Ils parlent du jeu, qu’ils ont tous apprécié, sauf Vincent qui estime ne pas avoir pu en profiter. Leurs mots de fin de séance ont tous une connotation agressive : « hors-la-loi », « attentat », « vengeance », « trahison ». Chacun quitte cependant la séance de très bonne humeur, sans trace de la tension perceptible en fin de partie.

Commentaire

Lors de ce groupe on peut voir plusieurs signes d’illusion groupale : ambiance jubilatoire, indifférenciation, fantasmes de toute-puissance et d’autosuffisance, mais aussi des signes de redifférenciation et notamment de confrontation à la différence des sexes évoquant une amorce de sortie de cette phase.

Le mouvement d’indifférenciation des uns et des autres est bien visible dans l’échange des prénoms entre les 4 garçons. La toute-puissance et le fantasme d’autosuffisance sont apparents lorsqu’ils insistent pour que nous respections l’inversion de leurs prénoms et prétendent même échanger les nôtres, lorsqu’ils cherchent à faire durer la partie, comme s’ils définissaient les règles du groupe eux-mêmes.

Cependant ils font maintenant une différenciation entre eux et les adultes, comme s’ils redécouvraient notre différence. Justine est depuis plusieurs semaines exclue de leur sous-groupe, mais elle y joue un rôle important, puisque c’est elle qui l’organise en marquant sa limite. Lors de cette séance ils ne se contentent pas de l’ignorer : elle reçoit beaucoup d’agressivité pendant le jeu. Justine confronte les adolescents à la différence des sexes, d’où cette tension d’ordre sexuel mêlée d’agressivité que j’ai perçue dans le jeu, intense au point de me conduire à imaginer qu’affleuraient chez eux des fantasmes de viol à son égard. Il est à noter que je n’ai initialement pas pensé à parler de ces fantasmes en synthèse, ne les incluant dans le récit de la séance que plusieurs semaines plus tard. Cette omission, proche d’un oubli, est certainement à comprendre comme un acte manqué, signe de l’intensité de ces fantasmes et du refoulement dont ils ont fait l’objet.

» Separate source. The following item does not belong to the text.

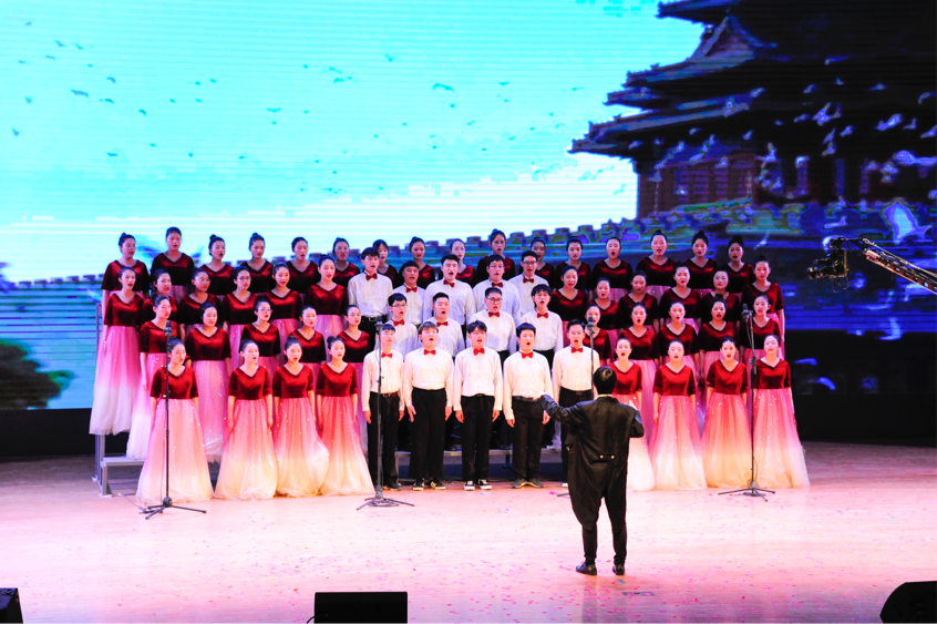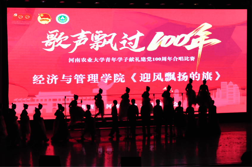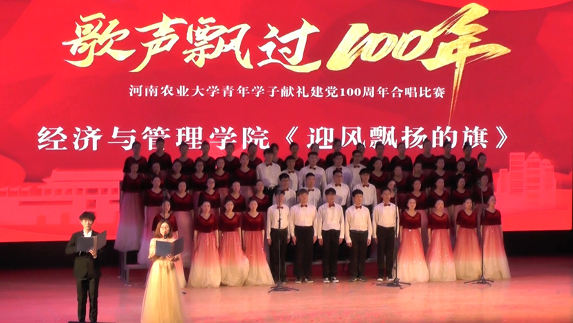 学子服饰统一、精神饱满,迈着整齐的步伐列好队伍。伴随着音乐响起,舞蹈演员翩翩起舞,指挥手势准确而富有激情,同学们歌声洪亮且饱含情感,一句句铿锵有力的歌词诉说着对祖国的热爱。慷慨昂扬的歌声不仅催人奋进,更表达出了同学们对党对祖国的一片赤诚之心。经管学子以歌抒怀、以舞明志,歌颂党、歌唱祖国,用歌声诠释时代精神,以舞蹈再现革命精神,用红色精神成就完美舞台,赢得了全场热烈的掌声。

Peut-être que la mise à l’écart de Justine par les adolescents et leur motivation à l’éliminer dans le jeu peut être comprise comme un déni énergique de cette différence des sexes qui crée une tension, contredit leur fantasme d’indifférenciation, et les dérange. Ce serait une tentative de prolonger le plus longtemps possible la phase d’illusion groupale. Pendant cette phase le groupe fait office de soutien narcissique pour chacun de ses membres, ils se sentent exister dedans. Ils y font des expériences de solidité, de continuité, d’assise narcissique et des expériences identitaires qu’ils auto-définissent. Ils sont portés par l’expérience de ces moments vécus pendant lesquels ils se sentent soutenus, tout-puissants. Ils n’ont donc aucune envie que cette phase s’achève (48).

Il semble que j’ai également été prise dans ce déni de la possible fin de l’illusion groupale, car initialement j’ai considéré cette séance comme une parfaite illustration de cette phase, ne voyant pas

ou oubliant aussitôt les signes de sortie. Ce n’est qu’après la fin de l’observation, une fois les éléments d’agressivité envers Justine réintégrés grâce à la relecture de mes toutes premières notes, que j’ai pu accéder à une autre lecture de ce qui s’est joué lors de cette séance.